3.8. Define prior ranges

We have already decided to use uniform distributions with lower limits of 0 for all our priors, but we still need to specify the upper limit for each distribution.

The parameter $\alpha$ is a correction factor applied to the PET data. We know from notebook 5 that the PET estimates are likely to be too high, so we expect $\alpha$ to be no bigger than about 1. Searching within a prior range from 0 to 2 therefore seems reasonable.

$$\alpha \sim \mathcal{U}(0, 2)$$

$\tau_s$ and $\tau_g$ are both very poorly constrained, so we will set wide priors on those.

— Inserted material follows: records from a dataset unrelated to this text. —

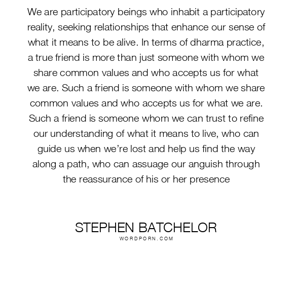 We are participatory beings who inhabit a participatory reality, seeking relationships that enhance our sense of what it means to be alive. In terms of dharma practice, a true friend is more than just someone with whom we share common values and who accepts us for what we are. Such a friend is someone with whom we share common values and who accepts us for what we are. Such a friend is someone whom we can trust to refine our understanding of what it means to live, who can guide us when we’re lost and help us find the way along a path, who can assuage our anguish through the reassurance of his or her presence
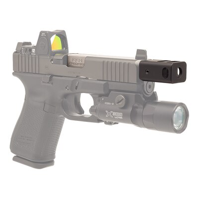 The included Gen. 5-specific compensator is crafted from black Type III hard coat anodized aluminum, designed to contour seamlessly with the Gen 5 bullnose slide. At 1.25" in length, it effectively reduces recoil and muzzle rise for faster follow-up shots.
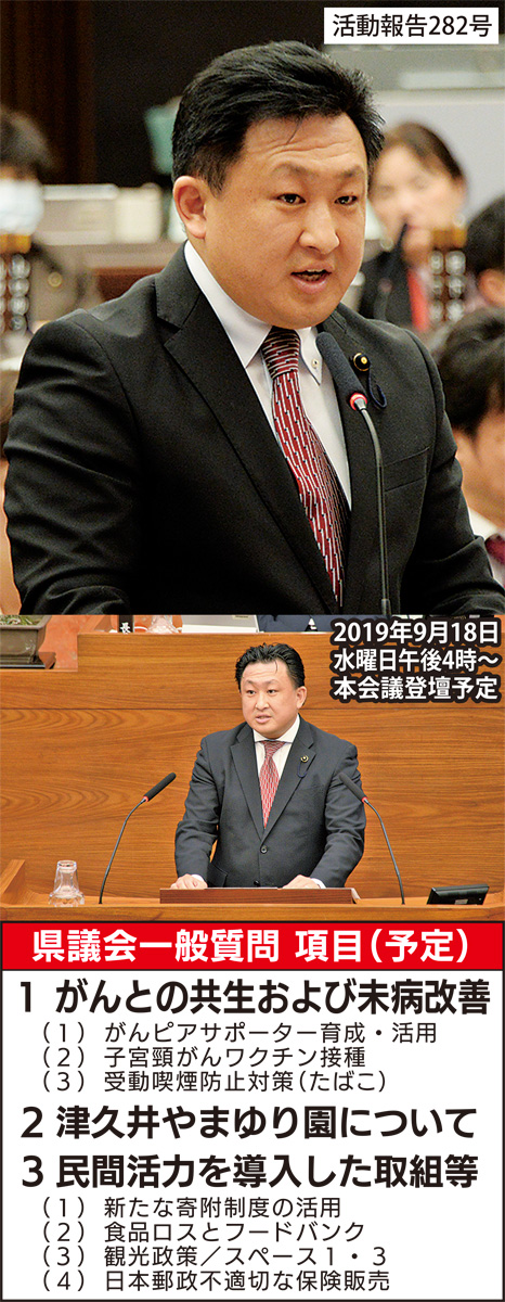 改選を経て無所属系の会派(県政会)に所属し初めてとなる本会議での質問となります。来週の水曜日午後4時から5時迄の予定での登壇です。
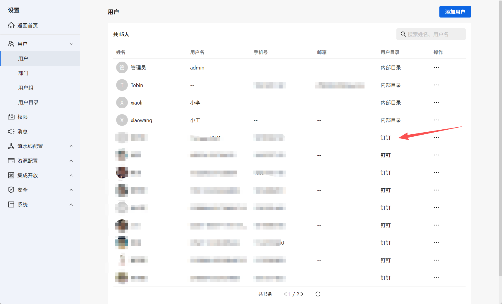 配置完成后在用户列表可以查询到同步的钉钉用户。
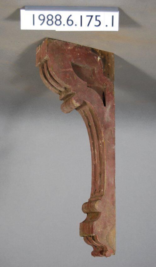 Wood bracket. Compound contour. Recessed panel on each respective side. Partially fluted front. Painted dark reddish brown Inscriptions or Markings: Manufacturer: Place of Manufacturer: Design motif: Style: Finish: Painted
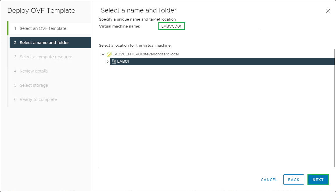 Switch over to vCenter and select Deploy OVF Template and then click on Upload Files and locate your Cloud Director 10.3.1 ova file. Once complete click NEXT
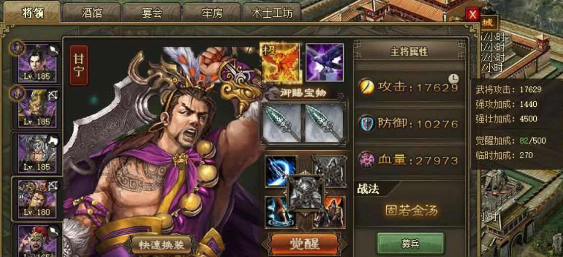觉醒后的甘宁在装备选择上需要更注重战场适应性,水域作战时优先考虑蛟龙巨浪战法加成的套装组合。琴箫统帅篷是值得关注的特殊装备,其提供的团队护盾效果能弥补甘宁防御薄弱的短板,在保持输出的同时提升生存能力。装备品质方面,天命橙装是觉醒的基础门槛,高品质装备带来的属性加成对甘宁这种成长型武将尤为关键。

$$\tau_s \sim \mathcal{U}(0, 100) \qquad and \qquad \tau_g \sim \mathcal{U}(0, 500)$$

Finally, $m$ is a multiplicative factor applied to $Q(t)$ to estimate $\sigma_\epsilon$. An upper limit of 1 seems like a reasonable starting point, but we can always return later and broaden this range if it appears to be too narrow.

$$m \sim \mathcal{U}(0, 1)$$

In [14]:
%%px --local

# Define upper limits for uniform priors
# (lower limits are all 0)
alpha_max = 2
T_s_max = 100
T_g_max = 500
m_max = 1

3.10. Find the MAP

As noted above, emcee makes use of multiple chains (also called "walkers"), which are the equivalents of the "drunken mountaineers with walkie-talkies" in my dodgy analogy from notebook 4. We therefore need to decide on sensible starting locations for each of our walkers.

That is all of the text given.